Why do you want to start the new code in parallel to the old one? Why not stop the old one, and then start the new one? Structured Streaming ensures that all checkpoint information (offsets and state) are future-compatible (as long as state schema is unchanged), hence new code should be able to pick exactly where the old code left off. 


On Wed, Mar 21, 2018 at 11:56 AM, Priyank Shrivastava <priyank@asperasoft.com> wrote:
I am using Structured Streaming with Spark 2.2.  We are using Kafka as our source and are using checkpoints for failure recovery and e2e exactly once guarantees.  I would like to get some more information on how to handle updates to the application when there is a change in stateful operations and/or output schema.
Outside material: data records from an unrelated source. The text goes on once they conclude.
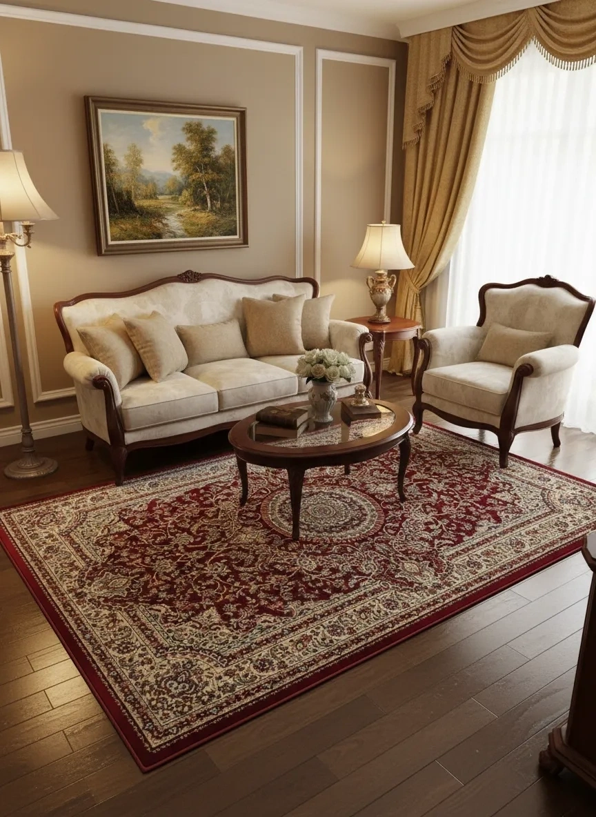 • Asar Yün İpek H4095A Koyu Kırmızı, yün ve ipek karışımıyla üretilen bu model, koyu kırmızı zemin üzerinde tümü kaplayan yoğun çiçekli allover desenin İran İsfahan ve Kum halılarının titiz el dokuması yoğunluğunu yakaladığı görkemli bir salon halısı. Krem çiçekli motifler ve zengin arabesk bordür, 150x233 cm boyutunda mekânınıza benzersiz bir prestij sunuyor.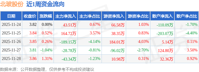 资金流向数据方面,本周北玻股份主力资金合计净流出53.04万元,游资资金合计净流入203.9万元,散户资金合计净流出150.87万元。本周资金流向一览见下表: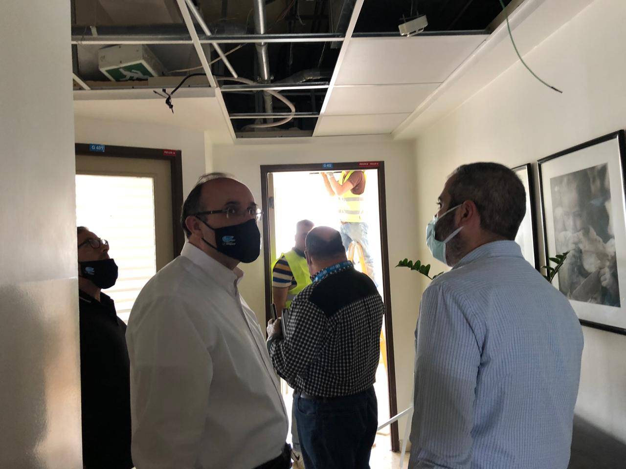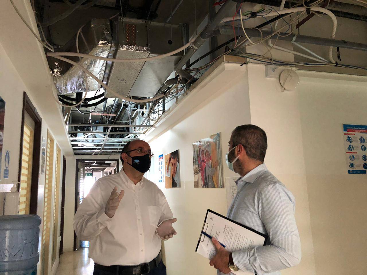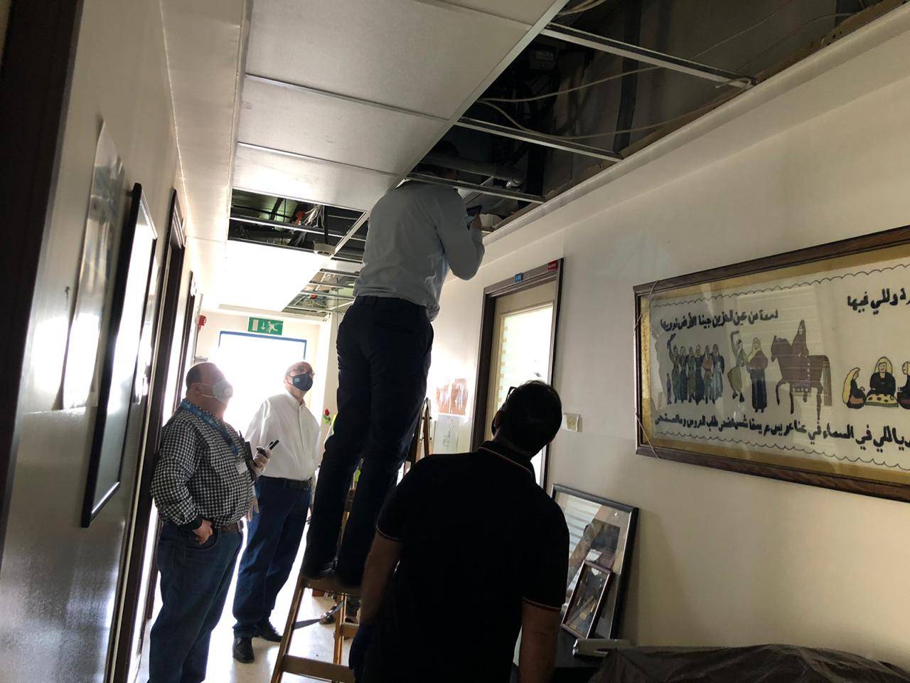 وأشار إلى أنه تم فحص وتحديد آلية عمل وحدات التكييف وطريقة انتقال الهواء ومسارات الهواء من والى وحدات التكييف، إضافة إلى تحديد المواقع التي من الممكن أن يحدث بها اختلاط بالهواء بين المكاتب، مبينا أن الفريق تمكن بعد ذلك من وضع الحلول التطبيقية واعطاء الارشادات الفنية لتأمين التشغيل الآمن وتأمين القدر الكافي من التهوية الطبيعية والهواء النقي لكل المكاتب، مع وضع ملاحظات تنفيذية على الصيانة اللازمة لوحدات التكييف.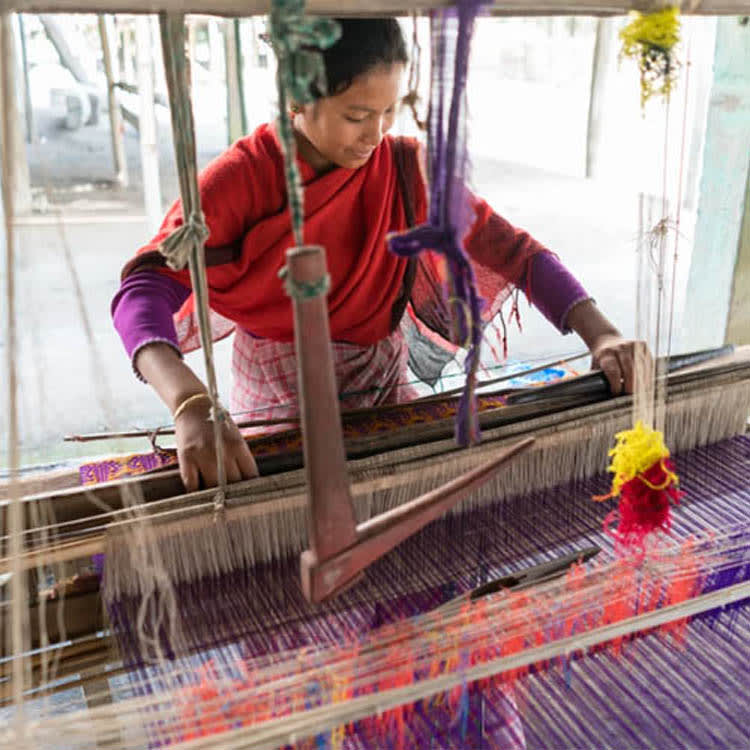 PM: Meet at Guwahati airport and transfer to our cruise at Pandu port. Enjoy lunch while cruising downstream to Sualkuchi. An afternoon walk through Sualkuchi, a bustling little town that is the centre of Assamese silk production, offers a chance to visit weaving workshops. Witness the whole process of silk manufacture, from cocoon and spinning, then dyeing to hand-weaving into exquisite mekhela chadars (a two-piece sari, the traditional attire of an Assamese woman). We then sail up to dock close to the great Saraighat bridge.

As some of the sources suggest I can start the updated application parallelly with the old application until it catches up with the old application in terms of data, and then kill the old one.  But then the new application will have to re-read/re-process all the data in kafka which could take a long time.

I want to AVOID this re-processing of the data in the newly deployed updated application.

One way I can think of is for the application to keep writing the offsets into something in addition to the checkpoint directory, for example in zookeeper/hdfs.  And then, on an update of the application, I command Kafka readstream() to start reading from the offsets stored in this new location (zookeeper/hdfs) - since the updated application can't read from the checkpoint directory which is now deemed incompatible.

So a couple of questions:  
1.  Is the above-stated solution a valid solution?
2.  If yes, How can I automate the detection of whether the application is being restarted because of a failure/maintenance or because of code changes to stateful operations and/or output schema?

Any guidance, example or information source is appreciated.